The soldiers took him into the taproom; it was empty, and the fire was dying out. The man sitting behind the table told one of the soldiers to throw a scoop of charcoal on it before taking notice that Poldarn was in the room.
‘Bloody hell,’ he said. ‘You been swimming?’
>
Poldarn decided that the question didn’t need an answer. ‘What’s going on?’ he asked.
‘Shut up and sit down,’ the man replied, by way of an explanation; then he caught sight of Poldarn’s face and shuddered, as though someone had just poured cold water down his neck. ‘Turn out your pockets on that table there.
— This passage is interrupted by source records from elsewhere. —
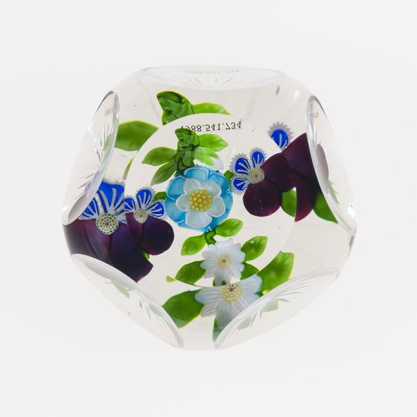 Curator: What immediately strikes me is its almost meditative quality—like a perfectly still, contained garden. It's deceptively simple. Editor: We're looking at a glass paperweight, probably crafted by Baccarat Glassworks between 1845 and 1860, currently residing at the Art Institute of Chicago. It’s decorative art at its finest, blending form and function. Curator: Function, yes, but its primary appeal, to me, comes from its almost sacred geometry. Those carefully arranged floral motifs—there's something deeply symbolic, almost heraldic, about them. Each flower type and color could have specific meanings tied to Victorian floral language. Editor: Right, those jewel-toned pansies – symbols of remembrance, perhaps? And the central white blossom—a symbol of purity or even death when surrounded by the deeper hues? You start thinking of Vanitas paintings of the Dutch Golden Age: here today, gone tomorrow, but frozen for all time in a single artwork. Curator: Precisely! And encased in glass like this it adds a protective layer almost to sanctify a certain image in one’s life, giving us clues of what might’ve been the collective imagination of the artist as well as of the audience of these Baroque inspired items during the Victorian era. It is not necessarily about life's decay, but rather its persistent, hopeful essence. Editor: Absolutely. Glass itself, being fragile yet enduring, becomes part of that visual message. The weight grounds those delicate ideas, anchoring them in the everyday. Curator: You get this perfect balance between the tangible and the ethereal, a dance between beauty and melancholy and permanence in an object designed for simple, everyday use. What a subtle way to communicate complex emotion! Editor: It reminds me how, in a way, it is an echo of how art objects create the very feelings they evoke in the human observer through the use of color, imagery, materials, technique and texture in perfect synchronicity. I want to grab this time-stopping microcosm in the palm of my hand, forever.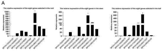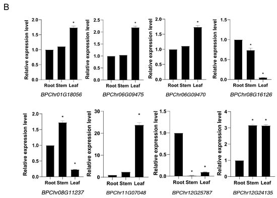 Expression of eight selected bHLH genes in different tissues of birch. Tissues from 3-month-old plants were used for the analysis. The relative expression of BPChr12G24135 in different tissues of birch was set as 1 to normalize its expression in other tissues. (A) The relative expression of eight selected bHLH genes in the roots, stems, and leaves of birch. (B) The relative expression level of eight different genes in the roots was set to 1 to normalize the expression of other genes in the stems and leaves. The relative expression levels of the eight selected genes in the roots, stems, and leaves. The expression value is 2−ΔΔt. The error bar indicates the standard deviation (STD) of the three biological replicates. The asterisk (*) represents significant difference compared with BPChr12G24135 (p < 0.05).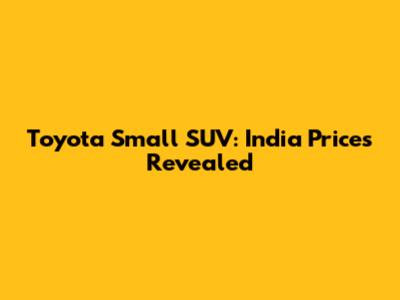 Toyota Small SUV: India Prices Revealed

Sergeant, have you got his baggage there?’
‘Just the blanket roll, sir,’ the sergeant said. He put something down with a thump, just out of Poldarn’s line of sight. Poldarn did as he was told and emptied his pockets.
The man appeared to have recovered from his nasty turn. ‘Right,’ he said, with a predatory smile, ‘let’s see what we’ve got here. Bring that thing over here, sergeant, I want a good look at it.’
Not good; that thing was the nearly finished backsabre, possession of which was going to be very hard to explain away. The man studied it carefully, turning it over in his hands as if reading invisible writing, then laid it down next to him, well out of Poldarn’s reach. ‘Fine,’ he said. ‘Now let’s see that book.’
Concerning Various Matters didn’t interest the man nearly as much as the sword had done; he opened it at random a few times, shrugged and put it down. He also examined the blanket, the water bottle and the rest of Poldarn’s meagre kit before signalling to the sergeant to bring him the contents of Poldarn’s pockets: a small knife, an insignificant sum of money, and a gold ring.
From the expression on the man’s face, he’d been expecting to see the ring from the outset. ‘That’s all, is it?’ he said. ‘No, I’m talking to you, not Sergeant Illuta. Is this all of it, or have you got any more, squirrelled away somewhere?’
‘I’m sorry,’ Poldarn said. ‘I don’t quite follow.’
The man smirked and shook his head. ‘Makes no odds to me,’ he said. ‘It’s not the trinkets I’m after.’ He sighed. ‘All right,’ he said, ‘here we go. My name is Lock Xanipolo, colonel, officer commanding Falcata garrison. Day before yesterday I get a report that some scruff with a burnt-off face’s been trawling round all the goldsmiths’ houses trying to sell an extremely valuable candidature ring with a Faculty of Arms crest. Stage office tells me a man answering the description caught the common stage for Tela Ixwa; so here I am. Now, do you need me to tell you how a tramp like yourself comes to have a ring that used to belong to General Muno Silsny, who was murdered by bandits on this very same road four months ago, or can we cut all that and get on to some of the stuff I don’t already know?’